In order to gain insight into these questions, we recently undertook experimental exploration of the potential role of mechanical stress in T-cell activation. We implemented an electromagnetic tip to pull on micrometric magnetic particles devised to artificially engage TCR or CD3 receptors at the cell surface, as displayed in Fig. 1 (Carpentier et al., 2009a, 2009b). The particles were fixed on the Jurkat cell surface several hours before applying forces, allowing the cell to regain full responsiveness after receptor engagement. As constant force was applied to cell-particle-specific contact, the intracellular calcium concentration was monitored in order to detect the onset of intracellular signaling. Our preliminary results show that a calcium signal can be obtained in response to TCR or CD3 pulling in about 20% of tested cells. T-cell activation was obtained for a narrow force ranging from 200 pN to 600 pN. The calcium wave appeared after force application with a time delay of several tens of seconds depending on the applied force amplitude (Fig. 2). No such effect was obtained when equivalent mechanical stress was applied at the cell surface through nonspecific binding of a cationic magnetic particle. These results suggest, as proposed in several models, that mechanical forces play a role in the initial activation machinery and participate in the deciphering and transduction of the message contained in the TCR∕CD3-pMHC interaction. However, additional investigations are needed to further interpret the observed effect. Our efforts are currently focusing on refinement of magnetic actuation through better control of the cell-particle contact area and of the number of receptors engaged by the magnetic particle.
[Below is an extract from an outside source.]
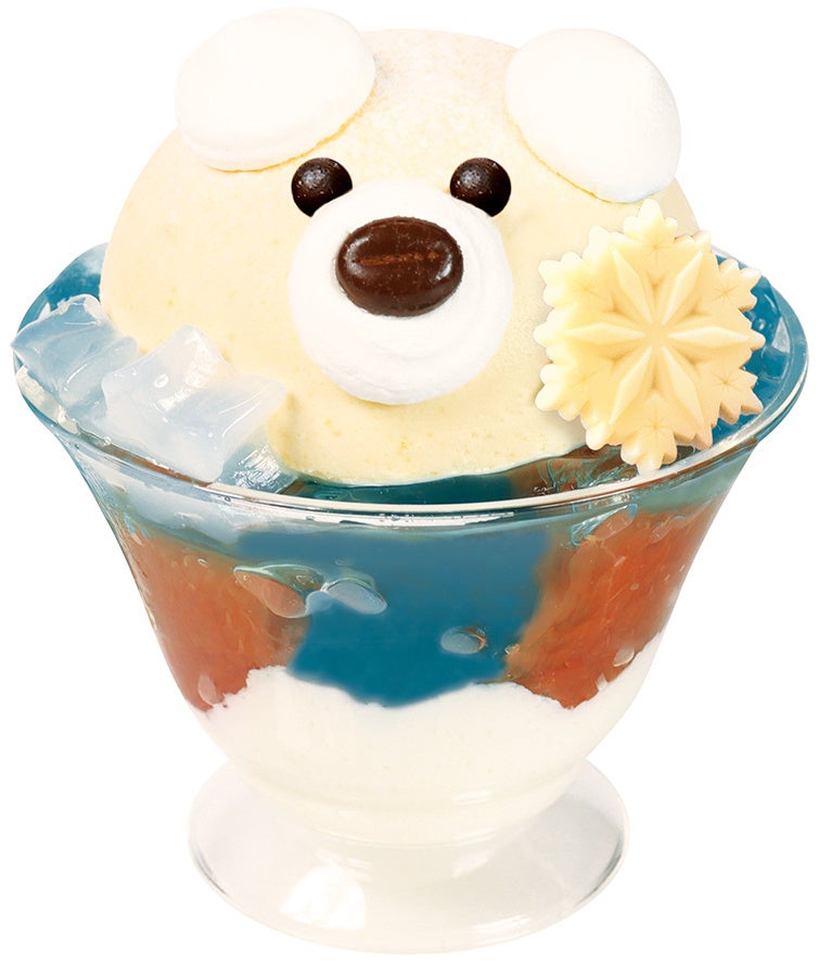 バニラムースにパチパチはじけるキャンディ入りのラムネ風ゼリーを重ね、白くまに見立てたバニラムース、グレープフルーツシロップ漬け、星形ナタデココ、雪の結晶チョコを飾りました。流氷の中から顔を出す姿をイメージしたキュートな白くまパフェです。

Figure 1. Artificial TCR/CD3 engagement.

Figure 1

Micrometric particle grafted with TCR/CD3-specific ligands brought into contact with the T-cell enables simplified and defined molecular engagement of surface receptors in a 2D configuration mimicking cell-cell interaction. The bound particle also provides a physical handle, which should enable actuating receptors using several types of micro- or nanomanipulation (see Fig. 2).

Figure 2. Pulling on TCR.

Figure 2

Three different means of TCR physical actuation: (a) remote magnetic actuation, which consists of using a grafted superparamagnetic particle to engage surface receptors, and a magnetic field gradient to generate a magnetic force. Here and in our experiments, the magnetic gradient is created by an electromagnetic tip made of a soft iron tip at the center of a copper coil supplied with direct current. The force exerted on the particle grows like the magnetic gradient amplitude, particle volume and current intensity in the coil, and like the inverse of the particle-tip distance. The applied force amplitude ranges from tens of piconewtons to a few nanonewtons. Constant force is applied. (b) Atomic force microscope lifting. AFM cantilever can be grafted with the appropriate ligands or chemically coupled with a particle itself grafted with the desired molecules. The setup enables use of various loading rates and measurement of rupture forces. Forces range from a few to a few hundred piconewtons. Force sensor size may be reduced to nanoscopic range (2–50 nm), enabling precise localization of the contact. (c) The biomembrane force probe uses micropipette aspiration to create the pulling force and a red blood cell as a force sensor. The contact is operated through a grafted micrometric particle bound to the red blood cell. This nanomechanical method, initially developed to probe unbinding kinetics of a single molecular bond under stress, might be well-adapted to exploring the effect of nanoforces on the cell response, provided an adequate fluorescence setup can be coupled with the force probe instruments. This experiment targets low forces in the piconewton range. Loading rate is precisely controlled in the range of 0.1–1 pN/nm.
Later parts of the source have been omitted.